Typically electronic devices are cooled by means of passive natural radiation from an associated heat sink device, usually constructed of aluminum. Some high powered electronic devices, however, generate very large amounts of heat and cannot be adequately cooled by passively radiating heat sinks. For such devices specialized cold plates are provided which can absorb large amounts of excess heat and prevent overheating.
Cold plates are generally constructed of heat conducting metallic materials and are mounted adjacent to the heat producing components. A heat transporting or absorbing fluid is routed through heat transfer fins or passages within or adjacent to the cold plate so as to remove the excess heat generated by the heat producing components.

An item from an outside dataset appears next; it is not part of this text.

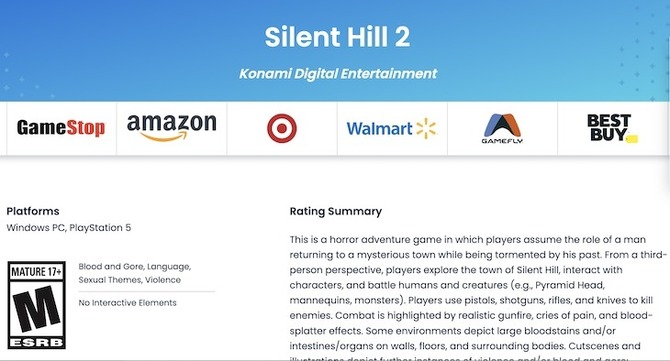 EntertainmentSoftwareRatingBoard(ESRB)は、リメイク版『SILENT HILL 2(サイレントヒル2)』のレーティングを公開しました。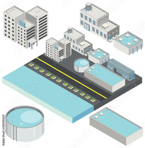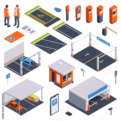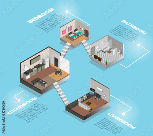 Конструктор интерьера ванной комнаты, векторная плоская изолированная иллюстрация. Ванные комнаты с изометрическим вырезом и мебелью ванна, душевая кабина, зеркало, туалет, умывальник, вешалка для полотенец и шкаф для ванной комнаты.

When heat producing electronic devices are carried aboard aircraft the heat absorbing fluid is generally air. Cool air is ducted past the cold plate from an external port which is exposed to air flowing past the aircraft, unfortunately, this does not always provide sufficent cooling. Inadequate cooling occurs when either there is insufficient cool air available to cool the cold plate or when high aircraft speeds result in a ram effect which heats the air passing over the aircraft surfaces so that the air is too warm for useful cooling.
Various devices have therefore been used to cool airborne electronics, an example of one can be found in U.S. Pat. No. 3,776,305 to Simmons. The device disclosed in the Simmons patent uses a liquid coolant circulated through cold plates to cool adjacent electronic devices. The subsequently heated liquid coolant is then circulated either to a cooling bath of a secondary liquid or to an air cooled heat exchange area. When cool air is unavailable and the coolant temperature is at its highest, the secondary liquid from the cooling bath undergoes a phase change from liquid to vapor and absorbs additional heat from the circulating coolant. The Simmons device is therefore relatively complex and bulky since it provides for two separate liquid media, two separate heat exchangers and a coolant circulator pump. Such large units are somewhat disadvantageous on aircraft where light weight and minaturization are of critical importance.
In view of the above it is an object of this invention to provide a light weight and compact heat transfer device capable of providing adequate cooling for heat dissipating components independent of the availability of cooling air.